1. Before cooking, carefully check the food to be processed. Cooking is not allowed if deterioration or other sensory characteristics are found abnormal.

2. Recycled food shall not be supplied again after cooking.

3. Foods that need to be cooked and processed should be cooked and thoroughly cooked, and the temperature of the food center should not be lower than 70 degrees during processing.

4. Processed finished products should be stored separately from semi-finished products and raw materials.

5. Cooked products that need to be refrigerated should be cooled as soon as possible before refrigeration.

Seven, food preparation and food hygiene requirements

1. Cooked food should be stored in the pantry. If it is eaten for more than 2 hours after cooking, it should be kept below 250℃. Dining should be carried out in the preparation room, and it is forbidden to eat in dining places, classrooms and other places.

2, after the supply of the remaining food must be refrigerated, refrigerated time shall not exceed 24 hours. Overnight and separated food must be thoroughly heated at high temperature before eating.

Eight, sample retention

All kinds of dishes (including flour products with stuffing) served on the same day should be kept in the refrigerator for 48 hours, and the sample quantity of each dish should be 100-200 grams, and the sample retention records should be made.

Nine, tableware, utensils cleaning and disinfection

1. Tableware and utensils must be washed, disinfected, stored and kept clean before use. Strictly implement the system of one washing, two cleaning, three disinfection and four cleaning. Sterilized tableware and utensils shall not be used.

2, cleaning tableware, utensils must be carried out in a special pool. During boiling steam disinfection, the temperature should be kept at 65438 000℃ for 65438 00 minutes. When boiling disinfection, tableware and utensils must be completely immersed in boiling water.

3. Tableware should be stored in a sealed cleaning cabinet, which should be disinfected before use.

4. Disinfected tableware and unsterilized tableware should be stored separately.

X. Cleaning of tableware and tools

Tableware and utensils must be stored in a special closed cleaning cabinet for later use after cleaning and disinfection.
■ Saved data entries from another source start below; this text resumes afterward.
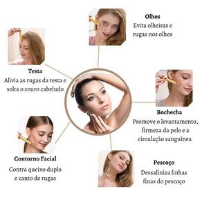 facial efeito harmonização botox anti ruga portátil O facial energy beauty bar te auxilia na prevenção do envelhecimento estimulando a criação do colágeno e reduzindo o volume facial das rugas, olheiras e papada, deixando sua pele com um aspecto mais firme e saudável. Possui um tamanho compacto ideal para levar aonde você for, o design luxuoso na cor dourada metalizada lembra muito a cor do ouro. Especificações: - estimula a produção de colágeno - estimula o preenchimento da pele - estimula a síntese de elastina - melhora as cicatrizes de acne - estimula a hidratação da pele - aparelho a prova d'água - ultrassónico, 6.000 rotações por minuto - tamanho: 14 x 1,6 cm - funciona com 1 pilha aa - cor: dourado Modos de usar: - rosto: faça movimentos ascendente e descendente em todo o rosto. - olhos: faça todo o contorno em volta dos olhos, na questão dos pés de galinhas -movimente o para cima e para baixo. - testa: na testa role em um movimento para cima e para baixo. - linha do sorriso bigode chines : role em um movimento para cima e para baixo. - no pescoço: comece com a base do pescoço e se mova para cima em direção à linha da mandíbula. Repita o mesmo movimento por todo o pescoço. Indicado: recomendamos utilizar o aparelho 3 vezes ao dia durante 3 minutos Itens inclusos: - 01 facial energy beauty bar - 01 case de armazenamento - 01 pilha aa Marca: Não Informado
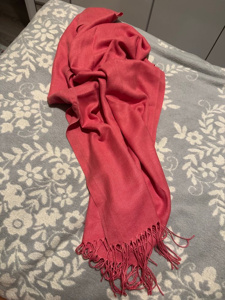 Kadınlar için ipek dokulu, kırmızı renkte, drapeli ve püsküllü şal. Bohem, hippie ve retro tarzlarını yansıtan rahat bir aksesuar. Sıfır ürün hiç kullanılmadı
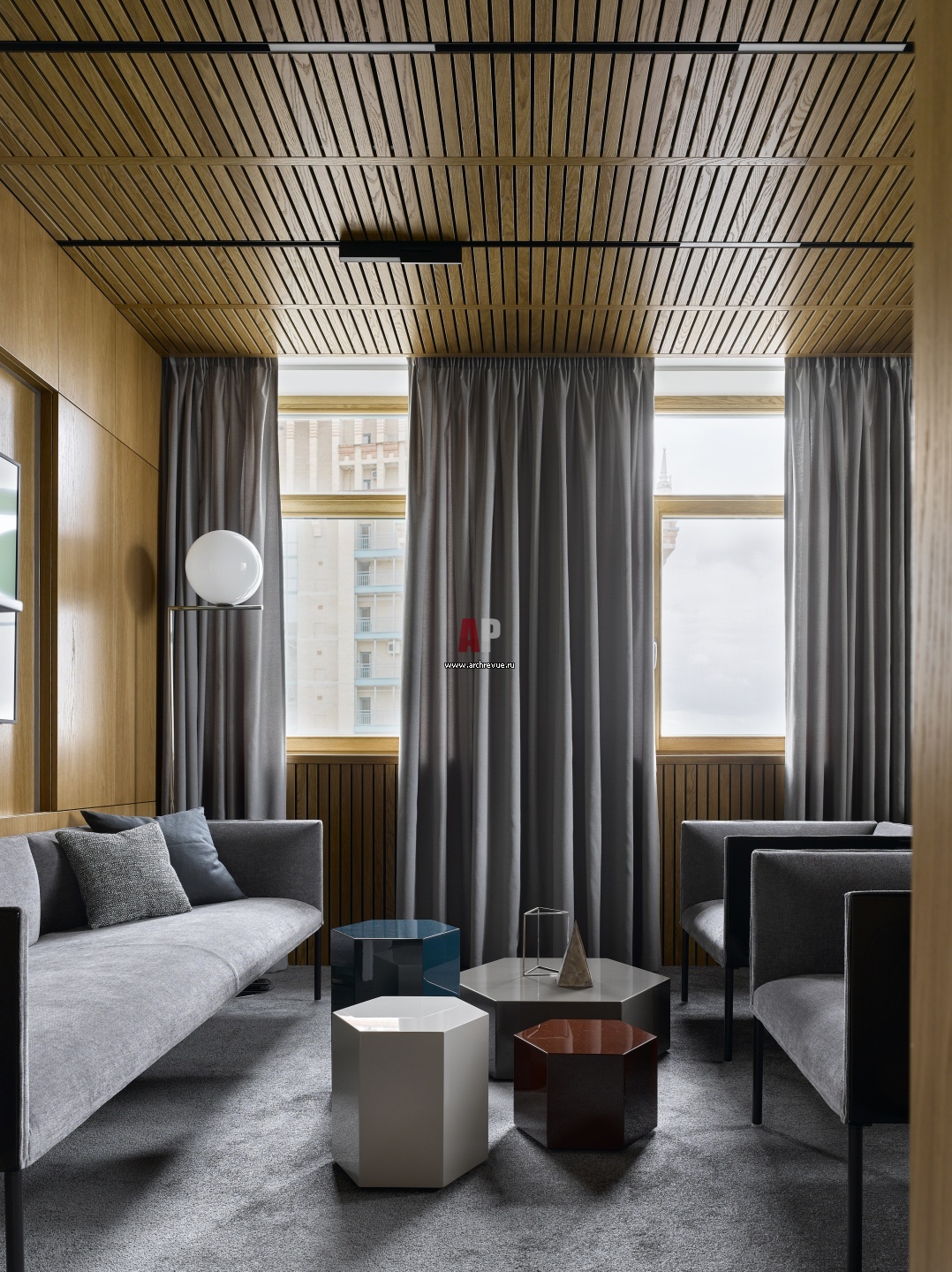 Кабинет выполняет также функцию медиакомнаты. Его стены и потолок зашиты деревом в том числе для звукоизоляции. Диван и кресла, B&B Italia. Журнальные столики, Minotti. Торшер, Flos. Трековый светильник, Centrsvet.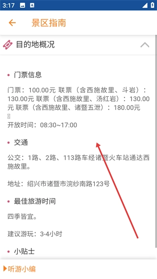 4、在景区指南页面,能够查询到西施故里的门票价格、开放时间、交通路线等相关信息,从而帮助游客规划游览行程。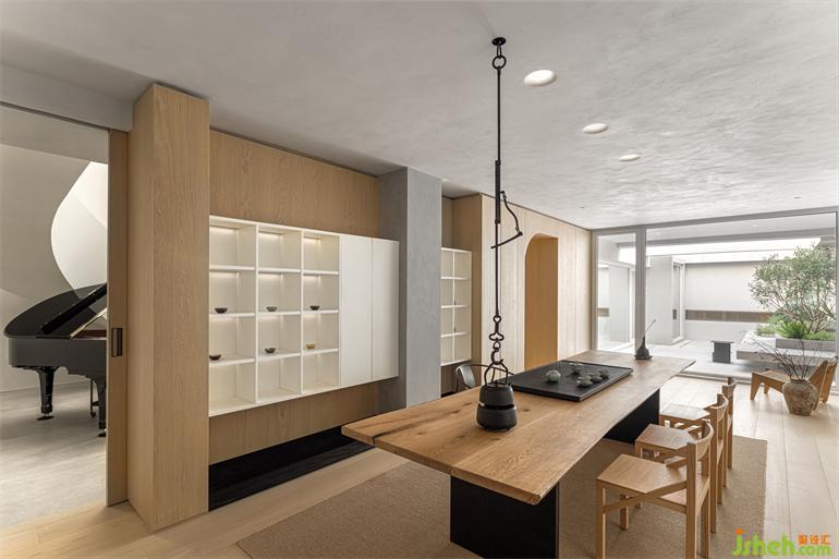 茶的禪意與哲學(xué)反映出主人的喜好與生活方式,臺州別墅設(shè)計(jì)師在茶室中保持著極簡與功能性,以木色體現(xiàn)空間氛圍,讓品茶融入生活,更是與自然產(chǎn)生對話。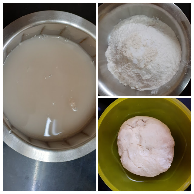 The dough for these Rotis is like the one made for Modak/kozhakattai. Having said this, it is important to make the dough well. I have cooked the Rotis with store bough rice flour, so some cracks towards the edge are seen. A smooth flour will ensure no cracks at all. The flour can also be made by pounding rice to a fine flour at home itself in a mixie.

Cleaning cabinets should be cleaned regularly, kept clean and clearly marked. Other sundries or personal items shall not be placed in the clean cabinet.

XI。 emergency measures

In the process of food processing and supply, or when diners find that the sensory characteristics of food are abnormal or suspicious, they should immediately withdraw all the food in this batch after confirmation.

In case of food poisoning or suspected food poisoning accident in kindergarten, it shall immediately stop food processing and supply activities and report to the local people's government, education administrative department and health administrative department; Assist health institutions to treat patients; Keeping food that causes food poisoning or may cause food poisoning and its raw materials, tools, equipment and venues; Cooperate with the investigation by the administrative department of health, and truthfully provide relevant information and samples according to the requirements of the administrative department of health; Implement other measures required by the health department to control the poisoning hazard to a minimum.